Deskripsi
Vokal: Oos Kesbeke
Vokal: Davey Bindervoet
Produser: Bas Kok
Produser: Frans Frederiks
Produser: Lorenzo Cortes
Produser: Roël Donk
Penulis Lirik: Bas Kok
Penulis Lirik: Frans Frederiks
Penulis Lirik: Lorenzo Cortes
Penulis Lirik: Roël Donk
Lirik dan terjemahan
Asli
Winterse nacht, licht op de gracht. Kerst in Amsterdam.
Voor dag en dauw, door wind en door kou. Kerst in Amsterdam.
We hebben niet veel, maar hebben genoeg, want we hebben elkaar.
Zing met z'n allen uit volle borst: fijne kerst en gelukkig nieuwjaar!
De gracht die glanst en weerspiegelt het licht. De kerstboom staat op de dam.
De markt staat vol met kransjes en stol. Het is druk in elk restaurant.
Het is de mooiste tijd. Verlichting die schijnt. Gezang van het koor op het plein.
Met een pot augurken in de hand zingen we zij aan zij.
Winterse nacht, licht op de gracht. Kerst in Amsterdam.
Voor dag en dauw, door wind en door kou. Kerst in Amsterdam.
We hebben niet veel, maar hebben genoeg, want we hebben elkaar.
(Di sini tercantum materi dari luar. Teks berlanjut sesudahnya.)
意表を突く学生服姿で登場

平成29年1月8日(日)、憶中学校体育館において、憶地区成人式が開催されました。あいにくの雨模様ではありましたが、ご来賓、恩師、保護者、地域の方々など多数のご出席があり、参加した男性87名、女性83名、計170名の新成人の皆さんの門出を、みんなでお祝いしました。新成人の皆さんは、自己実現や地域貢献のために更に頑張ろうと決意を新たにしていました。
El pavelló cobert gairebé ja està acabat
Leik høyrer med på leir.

Zing met z'n allen uit volle borst: fijne kerst en gelukkig nieuwjaar!
We zijn nu samen aan het einde gekomen. Wat was het een prachtig jaar.
Bloed, zweet en tranen. Mooie momenten hebben we samen gemaakt.
En het was net nog herfst en nu is het kerst. De dagen vlogen voorbij.
Een pot augurken onder de boom.
Eentje voor jou en voor mij.
Lalala, lalala, lalalala.
Lalala, lalala, lalalala. Lalala, lala, lalala.
Fijne kerst en gelukkig nieuwjaar!
Terjemahan bahasa Indonesia
Malam musim dingin, lampu di kanal. Natal di Amsterdam.
Sebelum fajar, melewati angin dan kedinginan. Natal di Amsterdam.
Kita tidak punya banyak, tapi kita punya cukup, karena kita punya satu sama lain.
Semua orang bernyanyi sekuat tenaga: Selamat Natal dan Tahun Baru!
Kanal yang bersinar dan memantulkan cahaya. Pohon Natal ada di bendungan.
Pasar penuh dengan karangan bunga dan stollen. Sibuk di setiap restoran.
Ini saat yang paling indah. Pencahayaan yang bersinar. Bernyanyi dari paduan suara di alun-alun.
Dengan sebotol acar di tangan, kami bernyanyi berdampingan.
Malam musim dingin, lampu di kanal. Natal di Amsterdam.
Sebelum fajar, melewati angin dan kedinginan. Natal di Amsterdam.
Kita tidak punya banyak, tapi kita punya cukup, karena kita punya satu sama lain.
Semua orang bernyanyi sekuat tenaga: Selamat Natal dan Tahun Baru!
Kami sekarang telah mencapai akhir bersama. Sungguh tahun yang luar biasa.
Darah, keringat dan air mata. Kami menciptakan momen indah bersama.
Dan saat itu baru musim gugur dan sekarang Natal. Hari-hari berlalu.
Sebotol acar di bawah pohon.
Satu untukmu dan untukku.
Lalala, lalala, lalalala.
Lalala, lalala, lalalala. Lalala, lala, lalala.
Selamat Natal dan Selamat Tahun Baru!